Gaia pulsars and where to find them

TL;DR

This study uses Gaia DR2 data to search for companions to pulsars, confirming low observed binary fractions but suggesting many binaries remain undetected, impacting neutron-star merger rate estimates.

Contribution

It provides the first empirical constraints on the binary fraction of pulsars using Gaia data, including new potential companions and relations for identifying pulsar companions.

Findings

Confirmed low multiplicity fraction among pulsars.

Set upper limits on binary fractions for young and massive star pulsars.

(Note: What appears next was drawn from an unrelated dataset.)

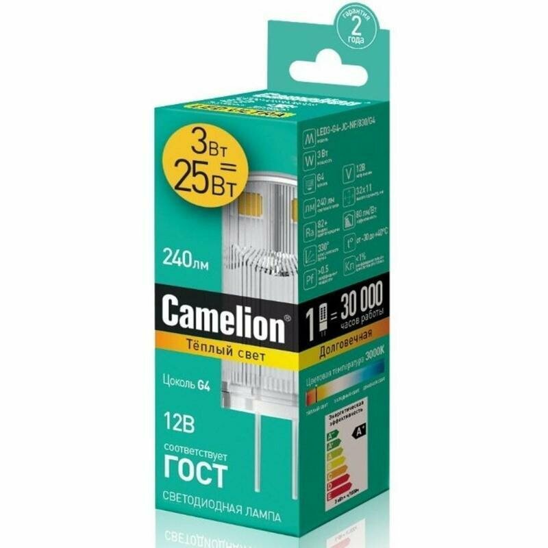 Лампа светодиодная Camelion JC NF G4 3 Вт 3000К 12V теплый свет 13700
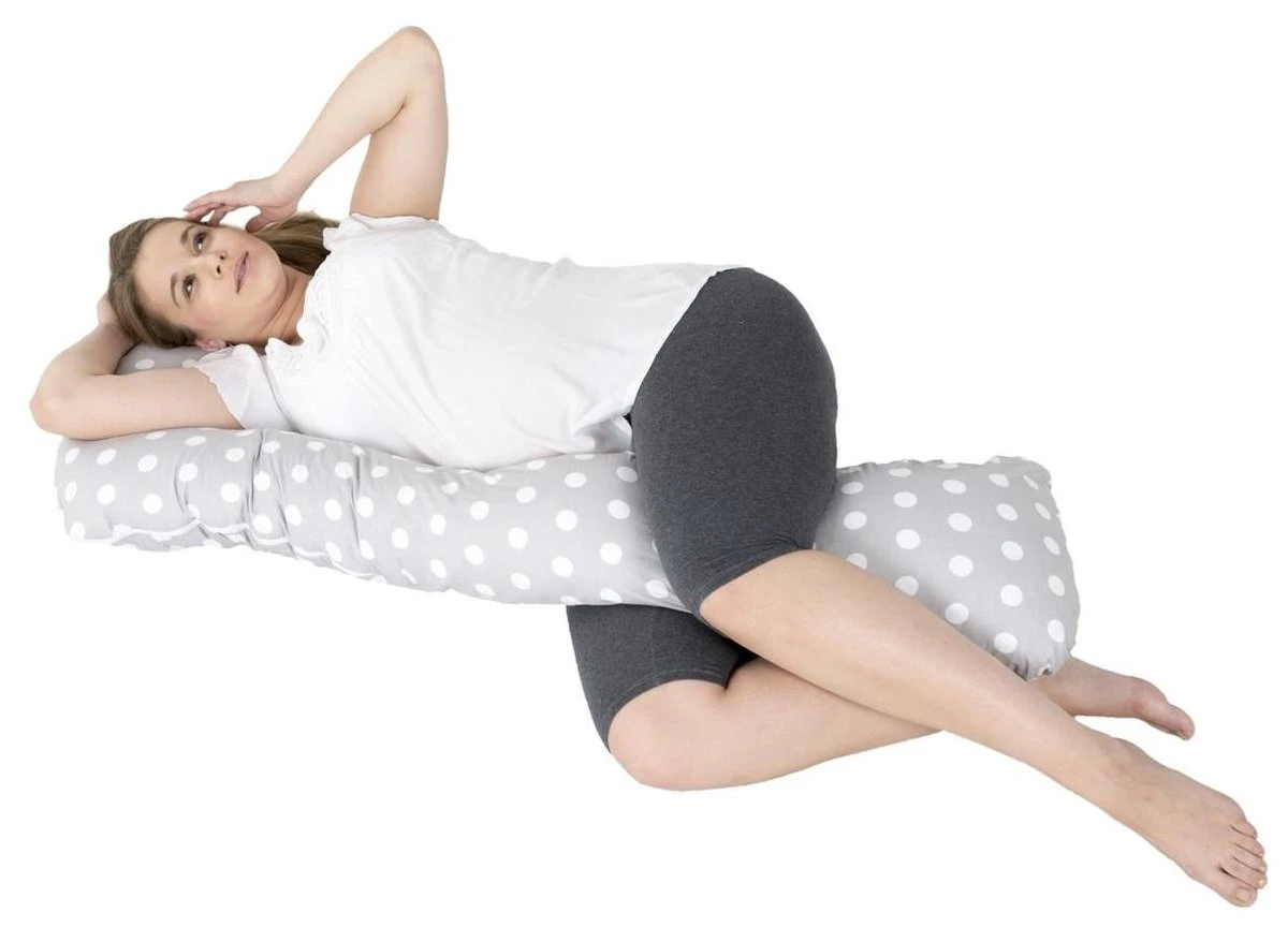 Oreiller D’allaitement / Oreillers De Grossesse | Forme J 235 Cm | Gris Avec Des Sphères Blanches

Provided constraints on the galactic neutron-star merger rate.

Abstract

While the majority of massive stars have a stellar companion, most pulsars appear to be isolated. Taken at face value, this suggests that most massive binaries break apart due to strong natal kicks received in supernova explosions. However, the observed binary fraction can still be subject to strong selection effects, as monitoring of newly discovered pulsars is rarely carried out for long enough to conclusively rule out multiplicity. Here, we use the second Gaia Data Release (DR2) to search for companions to 1534 rotation-powered pulsars with positions known to better than 0.5 arcseconds. We find 22 matches to known pulsars, including one not reported elsewhere, and 8 new possible companions to young pulsars. We examine the photometric and kinematic properties of these systems and provide empirical relations for identifying Gaia sources with potential millisecond pulsar companions. Our results confirm that the observed multiplicity fraction is small. However, we show that the number of binaries below the sensitivity of Gaia and radio timing in our sample could still be significantly higher. We constrain the binary fraction of young pulsars to be $f_{\rm young}^{\rm true}\leq 5.3(8.3)\%$ under realistic(conservative) assumptions for the binary properties and current sensitivity thresholds. For massive stars ($\geq 10$ M$_{\odot}$) in particular, we find $f_{\rm OB}^{\rm true}\leq 3.7\%$ which sets a firm independent upper limit on the galactic neutron-star merger rate, $\leq 7.2\times 10^{-4}$ yr$^{-1}$. Ongoing and future projects such as the CHIME/pulsar program, MeerTime, HIRAX and ultimately the SKA, will significantly improve these constraints in the future.